The government already uses health risk scores to set prices for insurance companies on the Obamacare exchanges and in the private component of Medicare. With more accurate scores, though, it would become less important for the exchanges to attract a great number of young and healthy customers to make up for those who need more care. Similarly, more accurate risk adjustment would obviate the lingering debate over whether Medicare Advantage pays insurers more than what it would cost to cover the same people under traditional Medicare. And it would make it easier to manage alternative payment models such as bundled payments and accountable care organizations.

The authors say insurance claim information is less accurate than clinical records. (Image: Thinkstock)

The authors say insurance claim information is less accurate than clinical records. (Image: Thinkstock)

Why give the current health grades a low grade?

Existing scores, including those used for the ACA public exchanges, are better than nothing, but they're not as reliable as they could be. This is in large part because they are calculated from data on medical claims.

Unfortunately, using claims for this purpose doesn't work well enough to account for most of the variance in health care spending. We could do a lot better.

Risk scores would be much more accurate if they were derived from clinical health data, such as that contained in electronic health records. To see the difference, imagine a woman who suffers a heart attack. The claims data will show that she was taken in an ambulance to a hospital, was admitted through the emergency room, had an angioplasty procedure, and ultimately was discharged. But these data will indicate little or nothing about her health thereafter. Electronic clinical data include the woman's blood pressure, cholesterol, weight, diabetes indicators and other details about her health.
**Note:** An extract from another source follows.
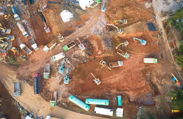1月30日拍摄的武汉雷神山医院建设工地(无人机照片)。
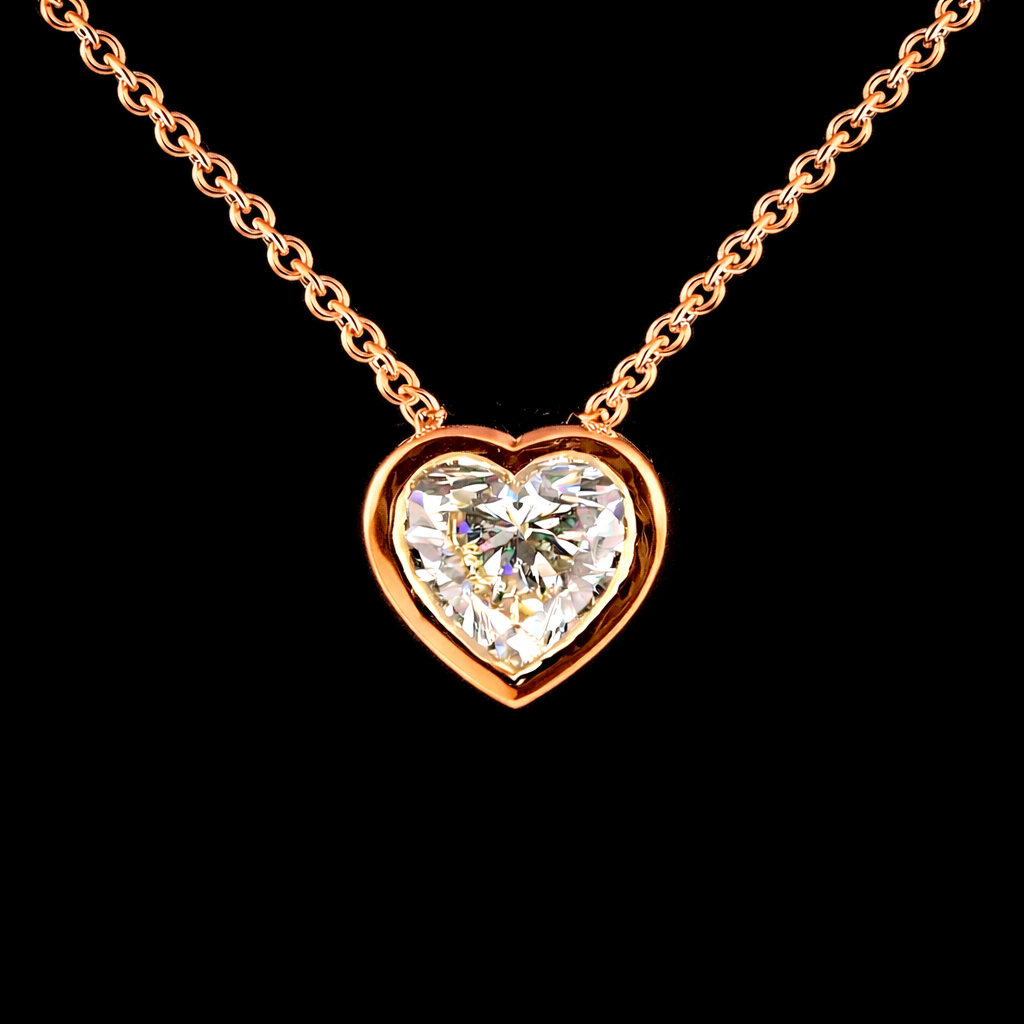 שרשרת לב יהלום מעבדה 1.00 קראט מושלמת עשויה זהב 14 קראט, צבע זהב לפי בחירתך.

These could be used to generate a much more accurate risk score.

Using clinical data provides substantial additional power to explain variations in people's health care spending. Adding variables based on a patient's socioeconomic status, even just the person's census tract, improves the score even more.
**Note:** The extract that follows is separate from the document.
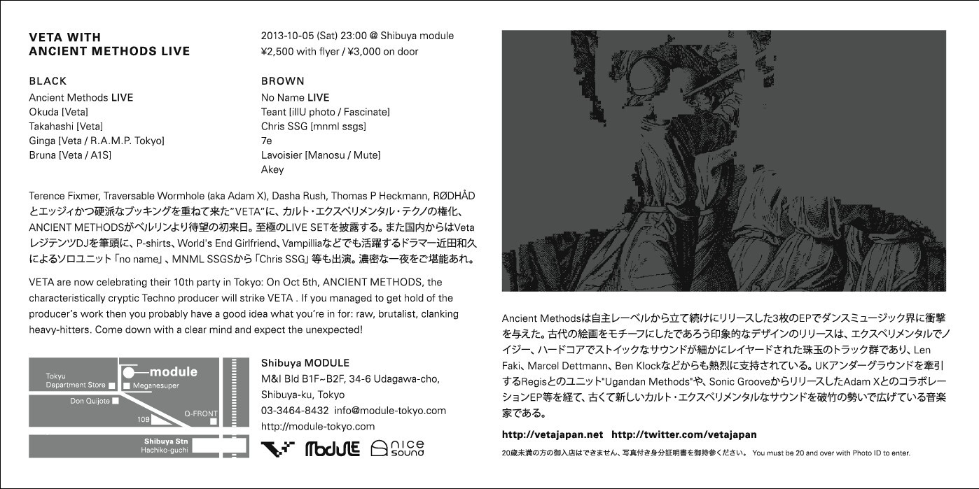 VETA are now celebrating their 10th party in Tokyo: On Oct 5th, ANCIENT METHODS, the characteristically cryptic Techno producer will strike VETA . If you managed to get hold of the producer’s work then you probably have a good idea what you’re in for: raw, brutalist, clanking heavy-hitters. Come down with a clear mind and expect the unexpected!

With more than 85 percent of U.S. physicians now using electronic health records, it is time we started putting all that information to work making the health system more efficient — and risk scores are an important use for the data.

Several challenges remain, though. The first is that few people (certainly neither of us) would want to turn their clinical data over to the federal government or anyone else to generate risk scores. One way around this obstacle is to develop algorithms that could be run on the data where they are, generating risk scores without allowing external access to the clinical information.

Risk scores themselves contain no information about people's health conditions. They are a mechanism for estimating future costs, not for gaming the system or discriminating against people based on their pre-existing medical conditions, though current protections against such abuses must continue to be enforced.

A second challenge, and one that's harder to address, is that beneficiaries' clinical data, even when stored electronically, are often scattered across multiple health care systems and providers. As the payment system evolves so that a single provider becomes responsible for all costs associated with a given beneficiary, and as efforts progress to improve interoperability across data systems, this problem will diminish.

As things stand, claims data is the best data available for generating health risk scores. For the next few years, such scores should continue to be used to improve the functioning of insurance markets. The more they are allowed to move with people when they switch insurers, the better.

In five to 10 years, it should be possible to use more accurate scores, based on clinical data. These will go a long way toward ensuring fair payment for health care services and better functioning insurance exchanges.

Peter R. Orzag is an investment banker in the New York office of Lazard. He's also a former director of the Congressional Budget Office and of the White House Office for Management and Budget. Timothy G. Ferris is a primary care physician at Massachusetts General Hospital in Boston and medical director of the Mass General Physicians Organization.